The application is represented as a whitebox with black boxes inside.
5.2. Black Box descriptions of Overall System
Name |
Responsability |
Views |
They are responsible for the logic and operation of the views with which the user interacts. |
Components |
Receives data from Model layer to represent it on the device. Is the layer wich interacts with actors (users and administrator) |
Controller |
Receives requests and manage the interactions between View layer and Model layer |
Model |
Defines the business model.
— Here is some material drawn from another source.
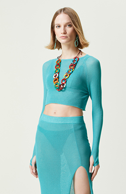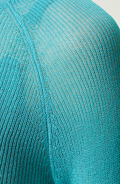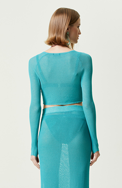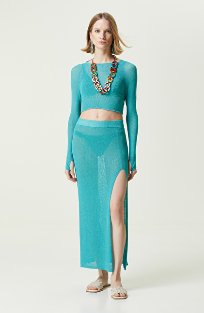 NetWork'ün yaratıcı ve dinamik çizgisini yansıtan Yeşil Bisiklet Yaka Plaj Bluz, Sun Catchers serisinin dikkat çekici parçaları arasındadır. Feminen stilini plajlarda da sürdüren kadınların tercihi yeşil bluz, rengarenk kombinlere ilham veren tasarıma sahiptir. Triko formu, esnek yapısı sayesinde vücudu sarar ve fit görünüm oluşturur. Hafif transparan plaj bluz, uzun kolludur ve kol ağızları parmak detaylıdır. Transparan yapısı sayesinde bikinilerinizi rahatlıkla eleştirebilirsiniz. Parmak geçmeli tasarımı ise sahil kombinlerine benzersiz bir detay ekler ve çekici görünmenize yardımcı olur. Bisiklet yaka bluzu, yeşil etek, kırımızı sandalet, kırmızı çerçeveli güneş gözlüğü ve dikkat çekici takılarla kombinleyebilirsiniz.
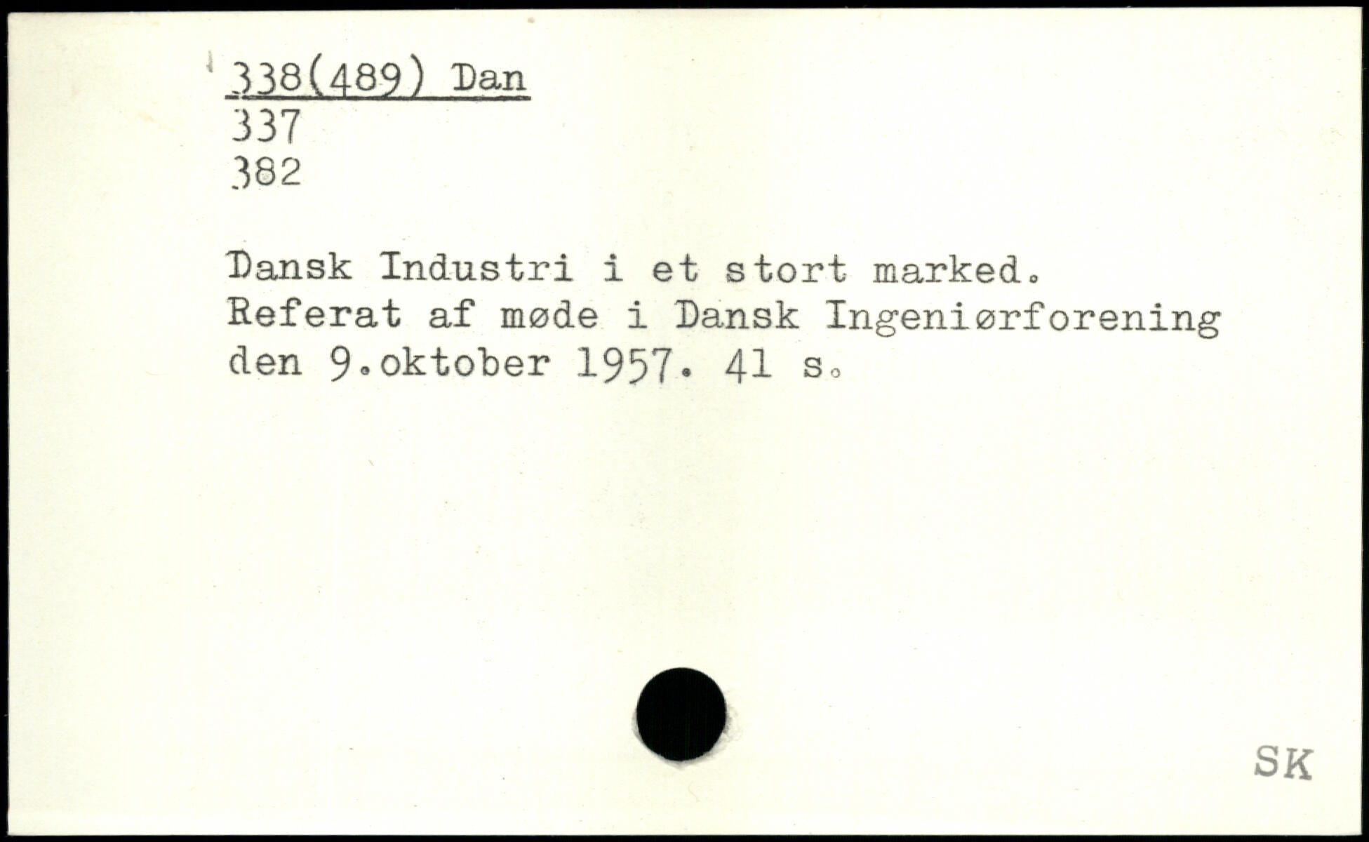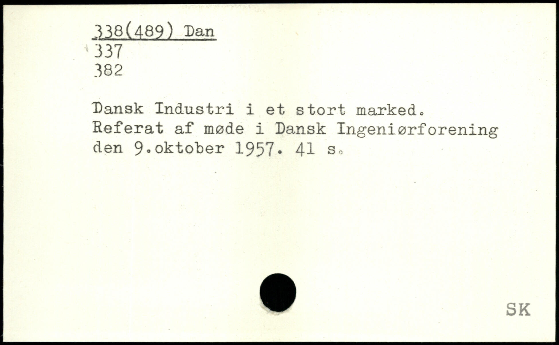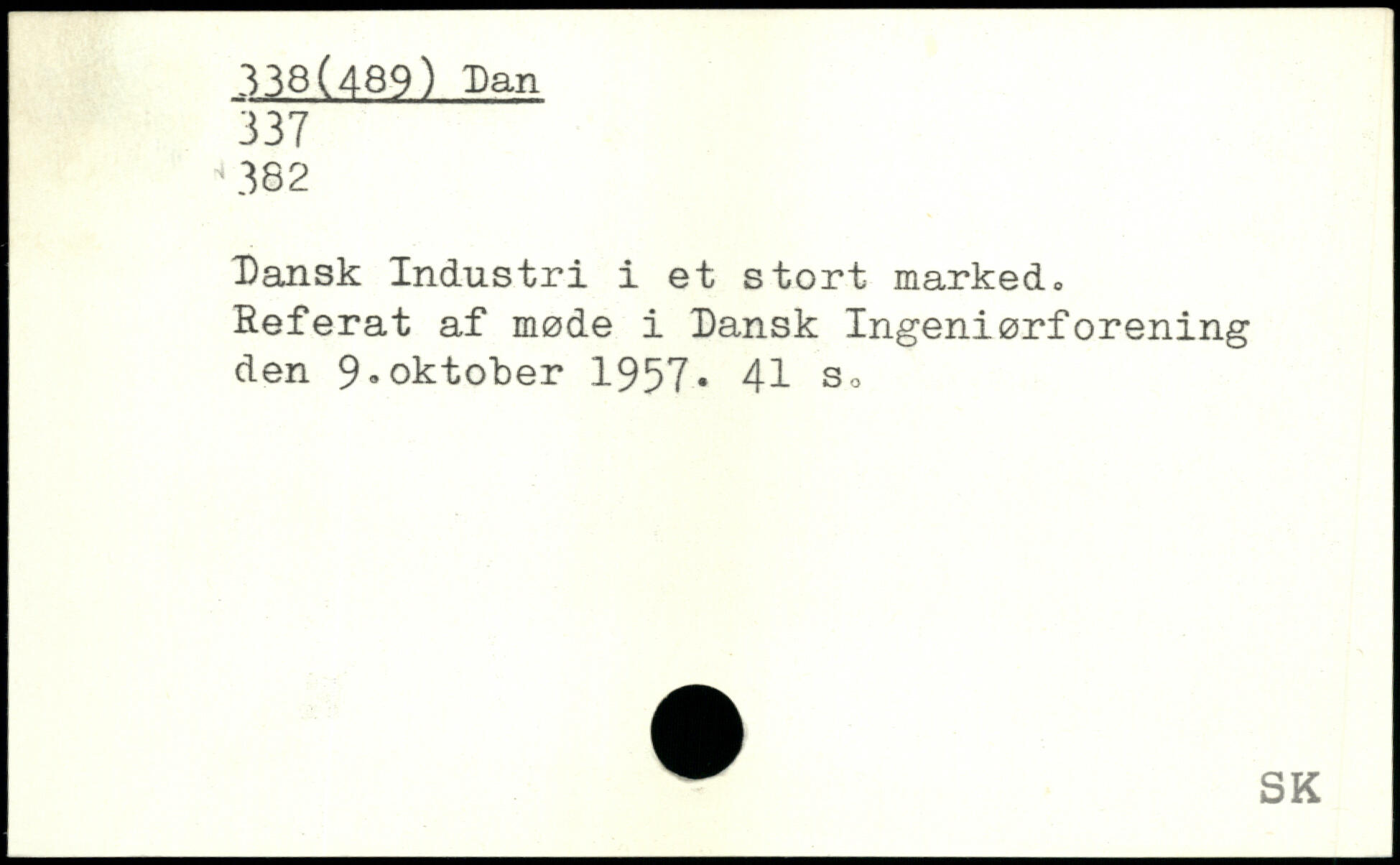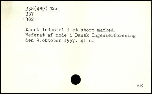 Dansk Industri i et stort marked. Referat af møde i Dansk Ingeniørforening den 9.oktober 1957.

Provides information to controllers to respond to the request they received. |
Adapter |
It communicates with the database to store or retrieve the data it needs. |
5.3. Building block view - Level 2
6. Runtime View
6.1. Register User
This runtime view shows the process of registering a user, going through SYQ web and Api to database, storing the data in the database.
6.2. Login User
This runtime view shows the login process of a user, going through SYQ web and Api to database, via the location stored in the database.
6.3. Login User
This runtime view shows the home screen, the syg app takes care of.
6.4. Visualise Historics
The user navigates to the history screen, where he will be able to visualize all his collected data of all his matches, for this the app makes one of the API to obtain the data of his games in database.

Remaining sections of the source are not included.